Home
This is the technical documentation for the backend of the Visual Edit plugin. Return to the main documentation.
DataEditor
This class provides CRUD methods to edit data from a Dataiku Dataset using the Event Sourcing pattern: edits are stored in a separate Dataset called the editlog. The original Dataset is never changed. Both Datasets are used to compute the edited state of the data.
__init__(original_ds_name, primary_keys, editable_column_names=None, linked_records=None, editschema_manual=None, project_key=None, editschema=None, authorized_users=None)
Initializes Datasets (original and editlog) and properties used for data editing.
Parameters:
Name | Type | Description | Default |
---|---|---|---|
original_ds_name |
str
|
The name of the original dataset. |
required |
primary_keys |
list
|
A list of column names that uniquely identify a row in the dataset. |
required |
editable_column_names |
list
|
A list of column names that can be edited. If None, all columns are editable. |
None
|
project_key |
str
|
The key of the project where the dataset is located. If None, the current project is used. |
None
|
authorized_users |
list
|
A list of user identifiers who are authorized to make edits. If None, all users are authorized. |
None
|
linked_records |
list
|
(Optional) A list of LinkedRecord objects that represent linked datasets or dataframes. |
None
|
editschema_manual |
list
|
(Optional) A list of EditSchema objects that define the primary keys and editable columns. |
None
|
editschema |
list
|
(Optional) A list of EditSchema objects that define the primary keys and editable columns. |
None
|
Notes
- If they don't already exist, the editlog, edits and edited Datasets are created on the same Dataiku Connection as the original Dataset. The Recipes in between (replay and apply edits) are also created.
- Edits made via CRUD methods will instantly add rows to the editlog, but the edits and the edited Datasets won't be kept in "sync": they are only updated when the Recipes are run.

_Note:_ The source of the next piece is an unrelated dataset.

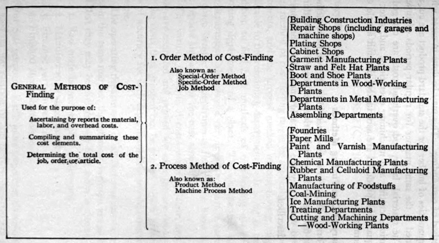 Chart Showing Methods of Cost-Finding Applied to Various Industries, 1919

create_row(primary_keys, column_values)
Creates a new row.
Parameters:
Name | Type | Description | Default |
---|---|---|---|
primary_keys |
dict
|
A dictionary containing values for all primary keys. The set of values must be unique. Example: {"id": "My new unique id"} |
required |
column_values |
dict
|
A dictionary containing values for all other columns. Example: {"col1": "hey", "col2": 42, "col3": True} |
required |
Returns:
Name | Type | Description |
---|---|---|
str |
str
|
A message indicating that the row was created. |
Notes
- No data validation: this method does not check that the values are allowed for the specified columns.

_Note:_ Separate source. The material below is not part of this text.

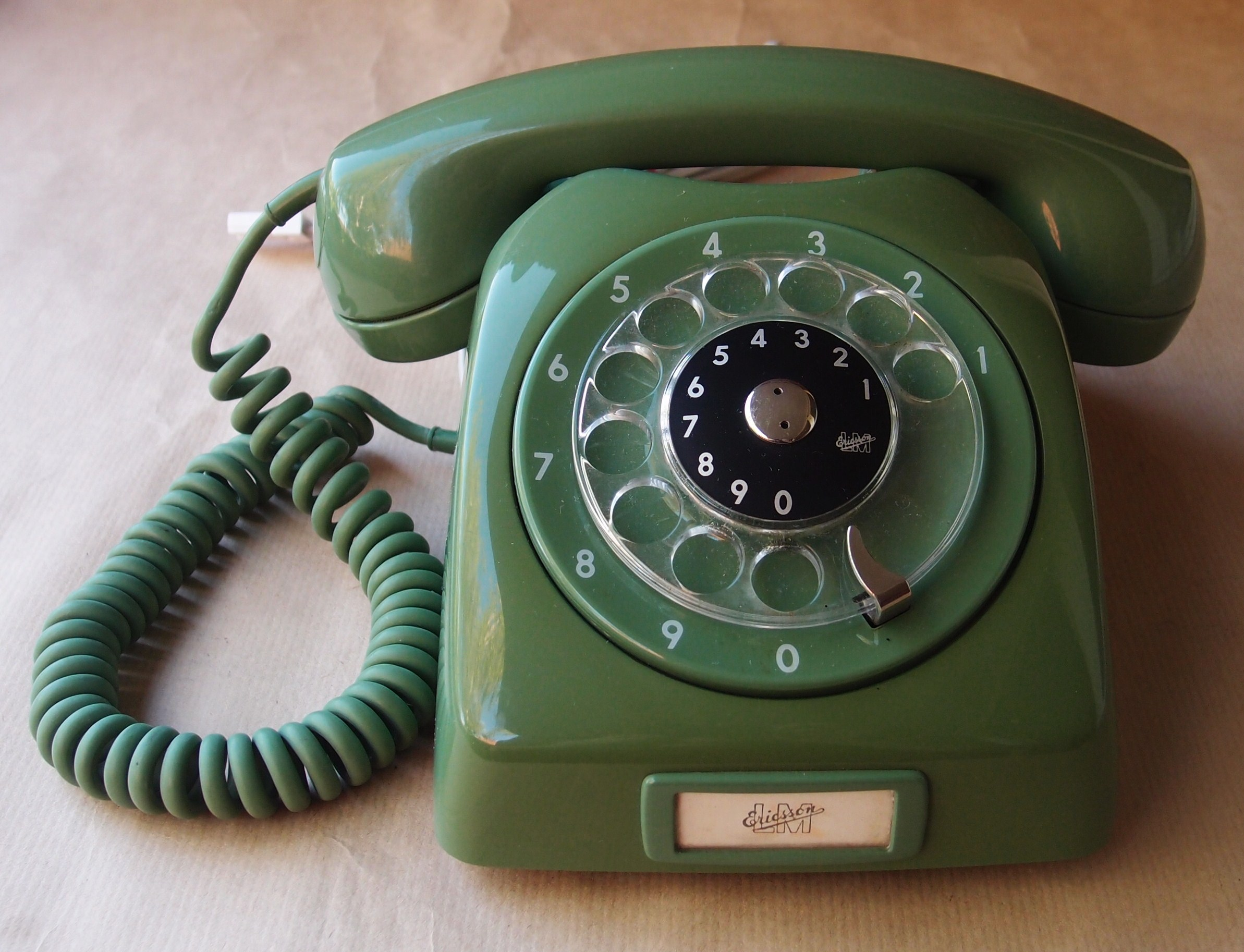 Ericsson Dialog telepone in green

- Attribution of the 'create' action in the editlog: the user identifier is only logged when this method is called in the context of a webapp served by Dataiku (which allows retrieving the identifier from the HTTP request headers sent by the user's web browser).
delete_row(primary_keys)
Deletes a row identified by the given primary key(s).
Parameters:
Name | Type | Description | Default |
---|---|---|---|
primary_keys |
dict
|
A dictionary containing the primary key(s) value(s) that identify the row to delete. |
required |
Returns:
Name | Type | Description |
---|---|---|
str |
EditSuccess | EditFailure | EditUnauthorized
|
A message indicating that the row was deleted. |
Notes
Attribution of the 'delete' action in the editlog: the user identifier is only logged when this method is called in the context of a webapp served by Dataiku (which allows retrieving the identifier from the HTTP request headers sent by the user's web browser).
empty_editlog()
Writes an empty dataframe to the editlog dataset.
get_edited_cells_df()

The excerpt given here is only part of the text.